Transcribe the listing underneath, keeping each word exact and omitting the images.

Recorded data:
★ ★ ★ ★

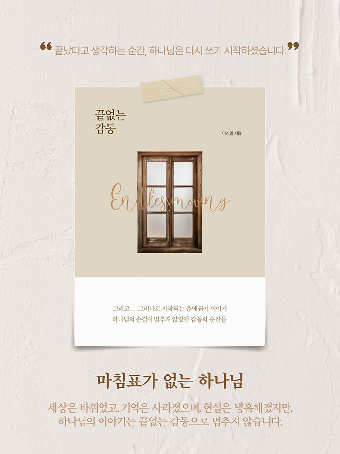 복음이 삶이 되는 친구 공동체, 아미쿠스 교회를 섬기는 목회자이다.말씀을 통해 하나님이 마음을 전하고 성경의 이야기가 오늘 우리의 삶 속에서도 계속 진행되고 있음을 나누는 말씀사역을 하고 있다.공허 같은 시간 속에서도 하나님은 마침표를 찍지 않으시고 새로운 이야기를 시작하신다고 믿는다.설교와 묵상을 통해 삶의 자리에서 역사하시는 하나님의 은혜와 감동을 전하고 있다.
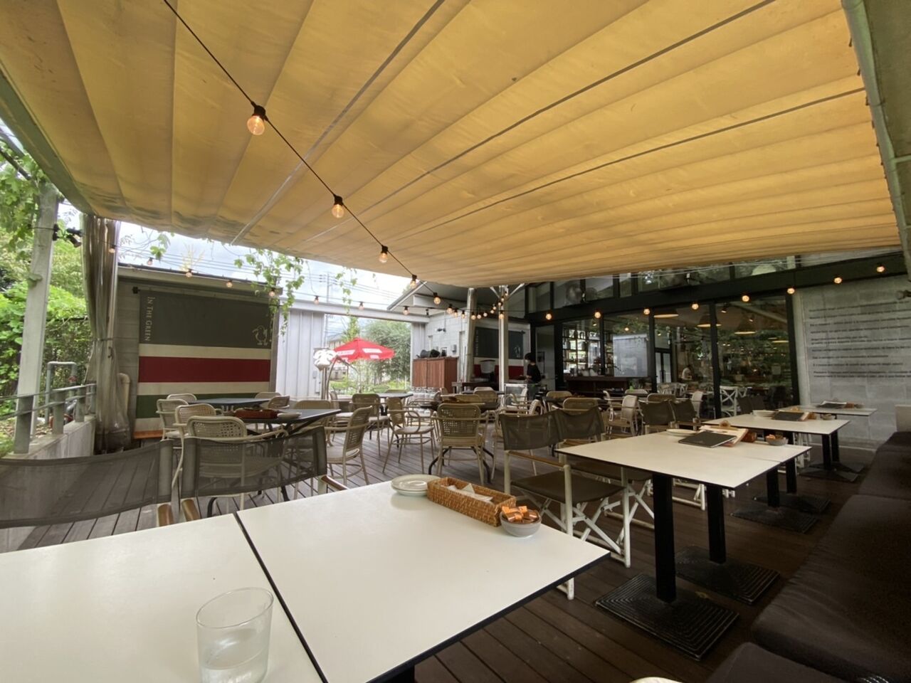 京都北山の植物園北側にあるイタリアンカフェレストラン【インザグリーン】にペット連れでも楽しめるテラス席がありました。
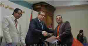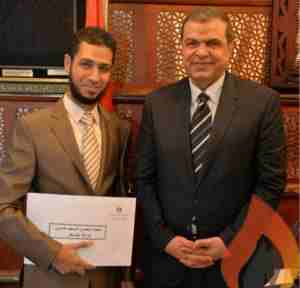 أحمد رجب يوسف إداري بالمخازن بمصنع استخلاص البوتاجاز بالعامرية لحصوله على المركز الخامس في مسابقة تصميم اللوحات الإرشادية
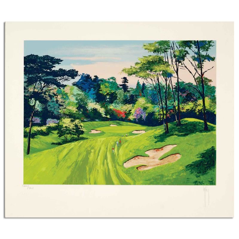 "Bel Air #6 (4 Up Golf)" is a limited edition serigraph on paper by Mark King (1931-2014). Hand signed and numbered this piece comes with a letter of authenticity and measures approximately 15" x 20" (image).

★ ★ ★ ★

Solution to this exercise:
 복음이 삶이 되는 친구 공동체, 아미쿠스 교회를 섬기는 목회자이다.말씀을 통해 하나님이 마음을 전하고 성경의 이야기가 오늘 우리의 삶 속에서도 계속 진행되고 있음을 나누는 말씀사역을 하고 있다.공허 같은 시간 속에서도 하나님은 마침표를 찍지 않으시고 새로운 이야기를 시작하신다고 믿는다.설교와 묵상을 통해 삶의 자리에서 역사하시는 하나님의 은혜와 감동을 전하고 있다.
 京都北山の植物園北側にあるイタリアンカフェレストラン【インザグリーン】にペット連れでも楽しめるテラス席がありました。
 أحمد رجب يوسف إداري بالمخازن بمصنع استخلاص البوتاجاز بالعامرية لحصوله على المركز الخامس في مسابقة تصميم اللوحات الإرشادية
 "Bel Air #6 (4 Up Golf)" is a limited edition serigraph on paper by Mark King (1931-2014). Hand signed and numbered this piece comes with a letter of authenticity and measures approximately 15" x 20" (image).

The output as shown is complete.